→ EXERCISE BRIEF: An exact reproduction of all the data is needed, with no images in it.

→ RAW DATA:
--- START ---

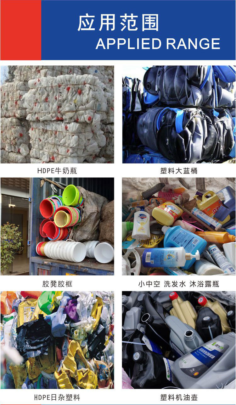 HDPE/PP破碎清洗回收加工生產(chǎn)線(xiàn)將市場(chǎng)或工廠出來(lái)的廢棄的HDPE牛奶瓶、HDPE洗發(fā)水瓶、日常生活日雜、HDPE管材、PE給水管材、HDPE藍(lán)桶、機(jī)油壺等首先進(jìn)行分類(lèi)挑選,分類(lèi)好的HDPE瓶專(zhuān)用破碎機(jī)進(jìn)行破碎,破碎完后經(jīng)過(guò)脫水除污去沙處理,然后進(jìn)行摩擦清洗,去除表面附著物有不干膠紙或加入適當(dāng)shaojian水進(jìn)行去油污處理,洗完后的物料進(jìn)行沉浮分離,HDPE為浮水型塑料,根據(jù)物料的潔凈程度可進(jìn)行多次漂洗分離,漂洗過(guò)后的物料經(jīng)由滾筒式挖斗挖入脫水機(jī)中進(jìn)行脫水,脫水完后的HDPE干凈破碎片可以直接上造粒機(jī),造好的顆??捎糜诟餍懈鳂I(yè)注塑等再次循環(huán)利用。
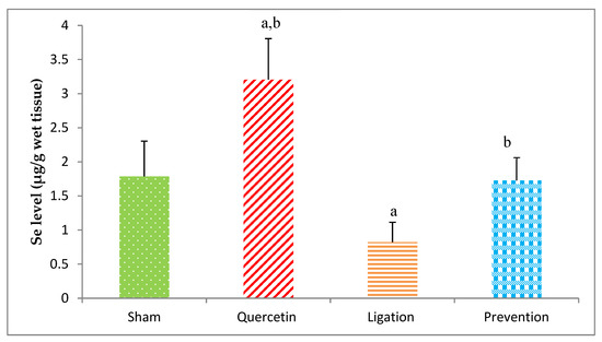 As listed in Figure 4, the Se level in the group of sham, quercetin, ligation, and the prevention was 1.78 ± 0.51, 3.20 ± 0.60, 0.820 ± 0.29, and 1.72 ± 0.33 μg/g, respectively. As compared to ligation group, the Se level was significantly elevated (p < 0.05) in the prevention group.
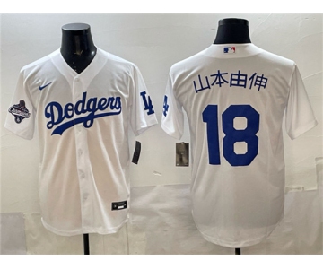 Men's Los Angeles Dodgers #18 山本由伸 White 2025 World Series Champions Patch Cool Base Stitched Baseball Jersey

--- END ---

→ RESPONSE:
 HDPE/PP破碎清洗回收加工生產(chǎn)線(xiàn)將市場(chǎng)或工廠出來(lái)的廢棄的HDPE牛奶瓶、HDPE洗發(fā)水瓶、日常生活日雜、HDPE管材、PE給水管材、HDPE藍(lán)桶、機(jī)油壺等首先進(jìn)行分類(lèi)挑選,分類(lèi)好的HDPE瓶專(zhuān)用破碎機(jī)進(jìn)行破碎,破碎完后經(jīng)過(guò)脫水除污去沙處理,然后進(jìn)行摩擦清洗,去除表面附著物有不干膠紙或加入適當(dāng)shaojian水進(jìn)行去油污處理,洗完后的物料進(jìn)行沉浮分離,HDPE為浮水型塑料,根據(jù)物料的潔凈程度可進(jìn)行多次漂洗分離,漂洗過(guò)后的物料經(jīng)由滾筒式挖斗挖入脫水機(jī)中進(jìn)行脫水,脫水完后的HDPE干凈破碎片可以直接上造粒機(jī),造好的顆??捎糜诟餍懈鳂I(yè)注塑等再次循環(huán)利用。
 As listed in Figure 4, the Se level in the group of sham, quercetin, ligation, and the prevention was 1.78 ± 0.51, 3.20 ± 0.60, 0.820 ± 0.29, and 1.72 ± 0.33 μg/g, respectively. As compared to ligation group, the Se level was significantly elevated (p < 0.05) in the prevention group.
 Men's Los Angeles Dodgers #18 山本由伸 White 2025 World Series Champions Patch Cool Base Stitched Baseball Jersey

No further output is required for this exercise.